Nel 1746 il Goldoni, in procinto di lasciare Firenze, fu invitato ad assistere ad una seduta dell'accademia degli Apatisti. Egli era stato altre volte alle sedute di quell'accademia; ma quel giorno si trattava di vedere il Sibillone, divertimento letterario che si dava di tempo in tempo, ed al quale non aveva ancora assistito.
Che cosa fosse quel divertimento, dirò colle stesse parole del celebre avvocato veneziano:
«... Il Sibillone, o la gran Sibilla, è un ragazzo di dieci o dodici anni, che vien posto in una cattedra in mezzo della sala dell'assemblea.

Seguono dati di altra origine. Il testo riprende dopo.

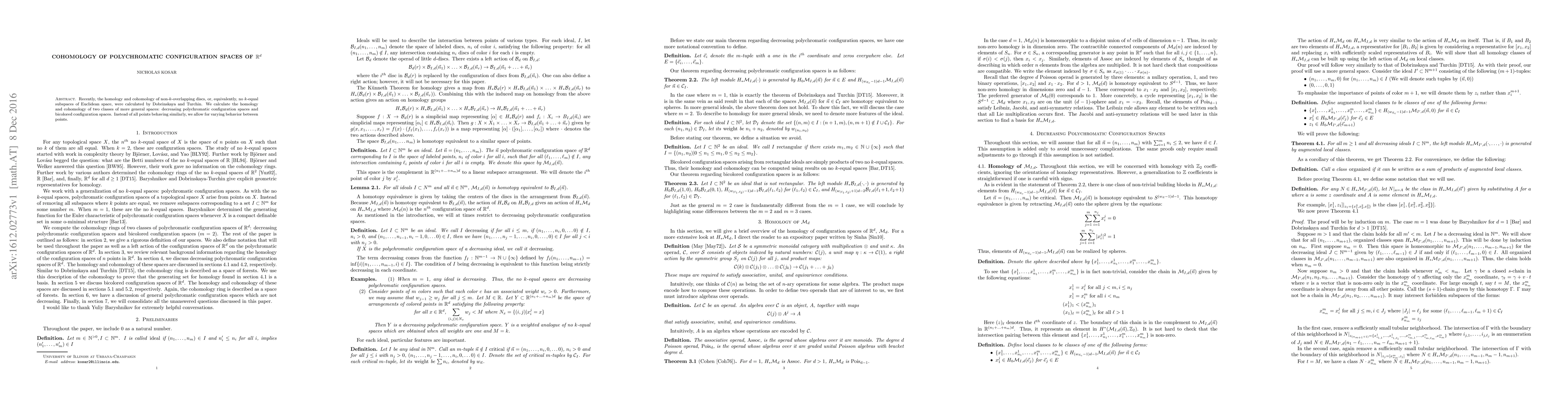 Title: Cohomology of Polychromatic Configuration Spaces of Euclidean Space Summary: This paper extends previous work on the homology and cohomology of non-overlapping discs by calculating the cohomology of more complex configuration spaces where points exhibit varying behavior, specifically focusing on decreasing polychromatic and bicolored configuration spaces.

«Una persona qualunque il caso voglia del numero degli assistenti, indirizza una domanda a questa giovane Sibilla; il ragazzo deve nell'atto stesso pronunziare un termine, e questo è l'oracolo della profetessa, ed è la risposta alla questione proposta.

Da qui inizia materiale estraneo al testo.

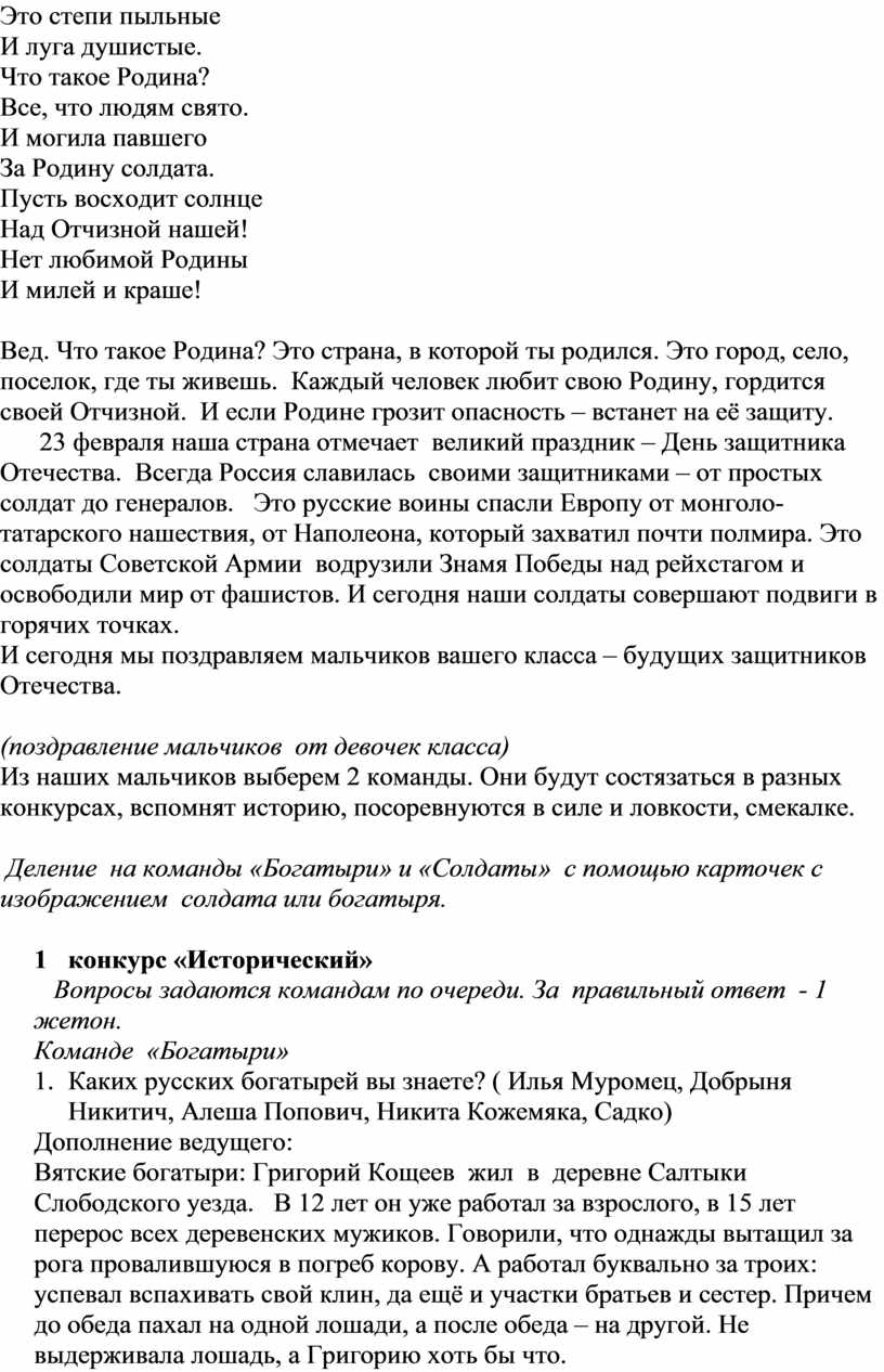 Вед. Что такое Родина? Это страна, в которой ты родился. Это город, село, поселок, где ты живешь. Каждый человек любит свою Родину, гордится своей Отчизной. И если Родине грозит опасность – встанет на её защиту.

«Queste risposte, simili oracoli, dati da uno scolaro senza avere il tempo della riflessione, non hanno per lo più senso comune, e perciò sta sempre accanto alla cattedra uno degli accademici, il quale alzandosi dalla sedia, sostiene che la Sibilla ha ben risposto, accingendosi a dare, nel momento, l'interpretazione dell'oracolo...».
Andò dunque il Goldoni all'accademia degli Apatisti a vedere il Sibillone, ed ecco il modo in cui racconta egli stesso quello che ha veduto:
«... L'interrogante, che era forestiero come me, pregò la Sibilla di avere la compiacenza di dirgli, perchè le donne piangon più spesso e più facilmente degli uomini. La Sibilla per risposta, pronunziò la parola paglia, e l'interprete indirizzando il discorso all'autore della questione, sostenne, che l'oracolo non poteva essere nè più decisivo, nè più soddisfacente.